These two hyper binary resolution steps yield the equivalence  $a_1 = a_2$ , represented by the two resolvents, and correspond to the following two linear chains of resolution (RES) steps:

$$\frac{(a_1 \overline{r} \, \overline{s})_{24} \quad (\overline{a}_2 r)_{25}}{(a_1 \overline{a}_2 \overline{s})} \operatorname{RES}_{(\overline{a}_2 s)_{26}} \operatorname{RES} \quad \frac{(a_2 \overline{r} \, \overline{s})_{27} \quad (\overline{a}_1 r)_{22}}{(a_2 \overline{a}_1 \overline{s})} \operatorname{RES}_{(\overline{a}_1 s)_{23}} \operatorname{RES}_{(\overline{a}_1 s)_{23}} \operatorname{RES}$$

Note that such linear resolution chains correspond to reverse-unit propagation (RuP) [41] in clausal proofs [46,47]. Next we have to substitute (w.l.o.g.)  $a_2$  by  $a_1$  in the formula:

$$\frac{(\overline{m}_{2}\overline{c}\,a_{2})_{10}}{(\overline{m}_{2}\overline{c}\,a_{1})_{30}} \text{ RES} \qquad \qquad \frac{(m_{2}\overline{c}\,\overline{a}_{2})_{12}}{(m_{2}\overline{c}\,\overline{a}_{1})_{31}} \text{ RES}$$

This again boils down to resolution, which also explains why simple probing can produce RUP proofs [41] easily. Also  $C_{25}$ ,  $C_{26}$ , and  $C_{27}$  of the AND gate  $G_8$  of the circuit on the right should be substituted, but the result would be identical to the already existing clauses  $C_{22}$ ,  $C_{23}$  and  $C_{24}$  of the equivalent gate  $G_7$  of the circuit on the left, and should be avoided. Instead, they should just be deleted, the main feature in DRUP which extends the RUP proof system by including "deletion" information [69] to speed-up proof checking.

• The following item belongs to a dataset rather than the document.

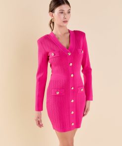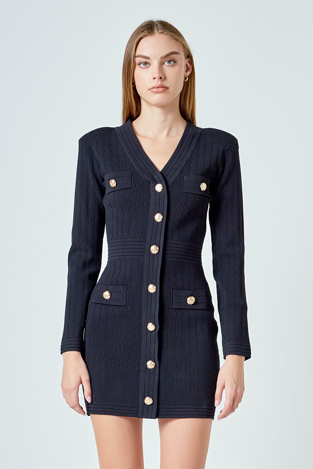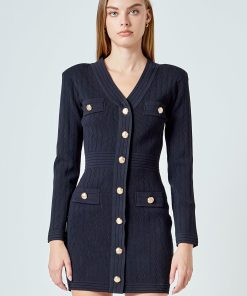 This V-neck Long Sleeve Knit Mini Dress is a stylish and sophisticated way to stay on trend for any occasion. Featuring a V neckline long sleeves with shoulder pads and a front unfunctional placket with shank buttons this dress is perfect for any occasion. It offers a flattering fit and effortless elegance and is sure to boost your wardrobe rotation. With its unique features and modern style this dress will be sure to elevate your look.

This forms the core of simple probing. In the implementation we use a counting argument: we find "immediate" hyper binary resolvents by counting how often a literal occurs in binary clauses which can be resolved with a given non-binary *base clause*. For the base clause  $C_{24}$ , we only consider the two binary clauses  $C_{25}$  and  $C_{26}$  as resolution candidates because we can ignore the blocked clauses  $C_{22}$  and  $C_{23}$  (as they both contain  $\overline{a}_1$ ). The literal  $\overline{a}_2$  occurs twice in them, and, since the base clause has one literal more than the occurrence count, this yields  $C_{28}$  through HBR<sub>1</sub>. Similarly, we get  $C_{29}$  using  $C_{27}$  as base clause.

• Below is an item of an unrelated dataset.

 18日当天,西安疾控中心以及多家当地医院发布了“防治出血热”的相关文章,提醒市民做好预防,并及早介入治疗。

Whenever we find a new hyper-resolvent this way, without adding duplicates, we check whether its dual clause with both literals negated already exists. For instance, assume that in our example applying HBR<sub>1</sub> first. Then, when clause  $C_{29}$  is derived through HBR<sub>2</sub>, as its dual ( $C_{28}$ ) already exists, the equivalence  $a_2 = a_1$  is derived. To substitute one literal with the other, we traverse all clauses containing the literal to substitute, apply the substitution, and delete the original clause. While checking for dual clauses only requires finding all binary clauses in which a literal occurs, the substitution step requires full occurrence lists.

The complete preprocessing algorithm in Alg. 2 needs to determine which and when clauses are (re)considered as base clauses. As clauses are eagerly removed and added in this approach, we do not want to use base clauses as scheduling objects in a working queue. Instead, we opted for our implementation in LINGELING to have literals occurring in base clause candidates as scheduling objects. Initially, all literals are candidate literals for simple probing. For each candidate, we go through all its non-binary clauses (requiring occurrence lists) and then apply the two-step procedure described above. After finding and substituting equivalence, we reschedule literals occurring in the resulting clauses.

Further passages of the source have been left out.